Setting up a software RAID1
12.07.2017 by Dirk OlmesI’m helping a friend to set up a machine with Gentoo. This will be a machine to host production applications and it is equipped with 2 identical hard drives. I will set up a software RAID 1. This has been a life saver on a similar machine before where one of the drives failed and we had no data loss and only minimal downtime during which the drive was replaced.
One goal of the new setup is to remain bootable even if one of the drives fails. I had trouble accomplishing this in earlier setups so this time I tested the process locally on a virtual machine before setting up the real iron.
The first step of the setup is partitioning the drives. The handbook suggests adding a small partition at the beginning of the drive to enable booting from a gpt partitioned drive. The /boot
partition will be formatted using ext4 because the filesystem will remain bootable even if one of the drives is missing. The rest of the disk will be formatted using xfs. To recap the layout:
Number Start End Size File system Name Flags
1 1.00MiB 3.00MiB 2.00MiB grub bios_grub
2 3.00MiB 95.0MiB 92.0MiB boot
3 95.0MiB 8191MiB 8096MiB rootfs raid
The second drive is partitioned exactly the same.

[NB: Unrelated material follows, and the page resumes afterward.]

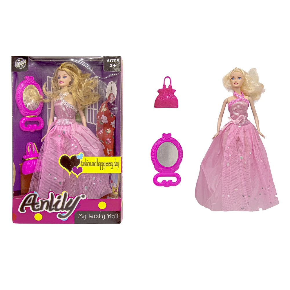 Set lodër për vajza, i cili përfshin një kukull, një fustan, një pasqyrë dhe një çantë, prej materiali plastik, në ngjyrë rozë. Ky set ndihmon në zhvillimin e imagjinatës, zhvillimin e shqisave dhe zhvillimin e aftësive të të mësuarit tek fëmijët, përmes lojës në role. Materiali përbërës dhe boja nuk kanë përmbajtje toksike apo të dëmshme për fëmijët dhe produkti është i çertifikuar për siguri në përdorim. Ky produkt është i përshtatshëm për përdorim nga fëmijë të moshës mbi 3 vjeç.

Now let’s create a RAID 1 for the boot partition:
mdadm --create /dev/md0 --level=1 --raid-devices=2 /dev/sdb2 /dev/sdc2
and for the rootfs:
mdadm --create /dev/md1 --level=1 --raid-devices=2 /dev/sdb3 /dev/sdc3
To maintain the RAID device numbering even after reboot, the RAID config has to be saved. This will be done by
mdadm --detail --scan >> /etc/mdadm.conf
Then create an ext4 filesystem on /dev/md0
and an xfs filesystem on /dev/md1
. Nothing noteworthy here.
The observant reader will have noticed from the device names above that I’m testing my installation from a running system on /dev/sda
. To save the hassle of going through the entire stage3 setup process I’m simply copying the running system to the newly created RAID filesystems.
After chrooting into the new system some changes have to be made to the genkernel config in order to produce a RAID enabled initramfs. In /etc/genkernel.conf
set
MDADM="yes"
MDADM_CONFIG="/etc/mdadm.conf"
Now we’re set to build the kernel.
While it’s compiling, edit /etc/default/grub
(I’m of course using grub2 for booting) and add
GRUB_CMDLINE_LINUX="domdadm"
Setup grub on both devices individually using grub-install /dev/sdb
and grub-install /dev/sdc
.
After the kernel has finished compiling, generate the proper grub config using grub-mkconfig -o /boot/grub/grub.cfg
.
Before rebooting the fstab
has to be set up correctly. I prefer to use UUIDs for filesystems instead of device names - this is a bit more fault tolerant in case device numbering is mixed up. It was a main challenge to find an unambiguous UUID for the both RAID filesystems. There are a number of places to get a UUID from: mdadm --detail
, blkid
, tune2fs -l
, xfs_admin -u
and I’m sure I forgot more. The helpful guys at the gentoo IRC channel pointed me in the right direction. Use lsblk -f /dev/md0
to find a UUID that uniquely identifies the RAID and check using findfs UUID=<uuid>
.
After updating the fstab
the system is ready for a first boot into the RAID setup.
I tested failing drives by simply removing the first (or the second) drive from the virtual machine. The whole setup still boots off either drive.